I would also appreciate this, alongside the index file if possible. Or perhaps some instruction on how to interpret the byte strings in the colours file?

cgroza commented 1 year ago

This would be useful for creating phylogenies based on k-mer sharing between colours using metrics like Jaccard distance.

cgroza commented 1 year ago

The right solution to this is to use the Bifrost API. I have made an attempt here, maybe it is useful to others: https://github.com/cgroza/bifrost_jaccard

GuillaumeHolley commented 11 months ago

Hi everyone,

@cgroza Thank you for your implementation!

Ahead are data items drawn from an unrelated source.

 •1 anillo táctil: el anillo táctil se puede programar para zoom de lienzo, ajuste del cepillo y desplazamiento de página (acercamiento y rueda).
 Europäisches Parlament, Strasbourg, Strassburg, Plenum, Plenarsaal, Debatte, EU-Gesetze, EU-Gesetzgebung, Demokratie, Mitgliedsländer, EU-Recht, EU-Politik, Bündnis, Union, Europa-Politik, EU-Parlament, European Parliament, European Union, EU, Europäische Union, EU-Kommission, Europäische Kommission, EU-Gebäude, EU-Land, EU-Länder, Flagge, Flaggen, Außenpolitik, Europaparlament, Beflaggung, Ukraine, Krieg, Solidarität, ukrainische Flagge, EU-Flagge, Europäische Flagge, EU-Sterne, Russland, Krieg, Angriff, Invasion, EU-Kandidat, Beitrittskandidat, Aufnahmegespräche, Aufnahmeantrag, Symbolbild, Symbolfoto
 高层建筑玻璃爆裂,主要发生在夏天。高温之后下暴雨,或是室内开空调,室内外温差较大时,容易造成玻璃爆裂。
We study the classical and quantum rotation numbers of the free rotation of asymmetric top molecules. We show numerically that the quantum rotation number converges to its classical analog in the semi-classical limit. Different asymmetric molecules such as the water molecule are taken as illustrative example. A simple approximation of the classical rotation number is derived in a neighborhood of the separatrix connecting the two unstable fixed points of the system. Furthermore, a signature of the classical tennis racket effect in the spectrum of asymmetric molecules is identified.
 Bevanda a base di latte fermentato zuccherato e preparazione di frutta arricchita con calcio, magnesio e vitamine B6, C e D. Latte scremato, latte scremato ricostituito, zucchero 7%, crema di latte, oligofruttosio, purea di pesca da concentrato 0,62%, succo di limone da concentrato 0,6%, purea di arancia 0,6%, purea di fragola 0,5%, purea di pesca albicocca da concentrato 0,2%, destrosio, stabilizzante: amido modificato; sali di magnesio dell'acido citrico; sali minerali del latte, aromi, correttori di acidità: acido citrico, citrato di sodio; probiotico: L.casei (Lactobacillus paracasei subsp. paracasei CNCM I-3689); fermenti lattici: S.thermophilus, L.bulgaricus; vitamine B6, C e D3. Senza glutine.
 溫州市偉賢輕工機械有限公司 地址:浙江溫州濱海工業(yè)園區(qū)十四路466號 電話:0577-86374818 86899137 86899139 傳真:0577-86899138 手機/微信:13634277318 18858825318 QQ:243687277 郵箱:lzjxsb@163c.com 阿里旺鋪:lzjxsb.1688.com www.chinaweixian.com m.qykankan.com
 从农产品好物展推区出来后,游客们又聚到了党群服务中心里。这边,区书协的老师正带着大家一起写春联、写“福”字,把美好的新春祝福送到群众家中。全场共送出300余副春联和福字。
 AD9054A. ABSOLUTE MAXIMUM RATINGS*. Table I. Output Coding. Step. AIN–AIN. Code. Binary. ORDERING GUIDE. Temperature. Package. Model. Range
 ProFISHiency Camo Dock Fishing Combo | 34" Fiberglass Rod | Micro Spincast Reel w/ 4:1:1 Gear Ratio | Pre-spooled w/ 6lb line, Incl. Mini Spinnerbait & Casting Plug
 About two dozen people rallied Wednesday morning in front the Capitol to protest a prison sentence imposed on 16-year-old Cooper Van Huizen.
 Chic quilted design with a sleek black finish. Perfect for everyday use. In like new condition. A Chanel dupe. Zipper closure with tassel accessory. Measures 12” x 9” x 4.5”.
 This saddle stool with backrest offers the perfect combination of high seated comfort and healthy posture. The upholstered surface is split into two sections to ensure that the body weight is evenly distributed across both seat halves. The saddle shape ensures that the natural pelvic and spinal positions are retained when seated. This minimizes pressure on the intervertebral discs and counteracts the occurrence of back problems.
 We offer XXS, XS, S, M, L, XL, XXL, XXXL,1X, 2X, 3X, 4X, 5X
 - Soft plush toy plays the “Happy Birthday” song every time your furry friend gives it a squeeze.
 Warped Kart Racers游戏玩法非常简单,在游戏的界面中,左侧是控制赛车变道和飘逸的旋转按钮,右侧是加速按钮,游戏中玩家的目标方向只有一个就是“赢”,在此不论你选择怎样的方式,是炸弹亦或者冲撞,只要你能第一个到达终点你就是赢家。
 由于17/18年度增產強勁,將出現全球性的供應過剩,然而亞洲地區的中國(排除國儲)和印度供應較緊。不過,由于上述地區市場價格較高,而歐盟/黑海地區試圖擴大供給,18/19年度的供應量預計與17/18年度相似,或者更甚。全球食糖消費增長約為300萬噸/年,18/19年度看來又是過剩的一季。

There is now another fairly simple solution to do this:

  1. Make a FASTA file of each k-mer in the segments of the GFA file. Assuming k=31:

    zcat mygraph.gfa.gz | awk 'BEGIN {K=31} {if ($1=="S"){LEN_KM_UNITIG=length($3)-K+1; for (i=1; i<=LEN_KM_UNITIG; i+=1){print ">" $2 "_" i "\n" substr($3,i,K)}}}' > mygraph.kmers.fasta

    Every record in the generated FASTA file has a name with the form >x_y where x is the unitig ID (in the GFA) the k-mer is from and y is the position (1-based) of the k-mer within that unitig.

  2. Query the colored graph using the previously generated GFA

    Bifrost query -v -t 16 -e 1.0 -g mygraph.gfa.gz -C mygraph.color.bfg -q mygraph.kmers.fasta -o mygraph.colors

    The output file will be mygraph.colors.tsv which is a matrix (k-mers x colors). The intersection of a row (k-mer) and column (color) contains a binary value indicating whether the corresponding k-mer is present (1) or not (0) in the sample matching the corresponding color.

Given that Bifrost graphs are now fully indexed (.bfi file output alongside the .gfa) and are very fast to load in memory, this solution should take no time to run.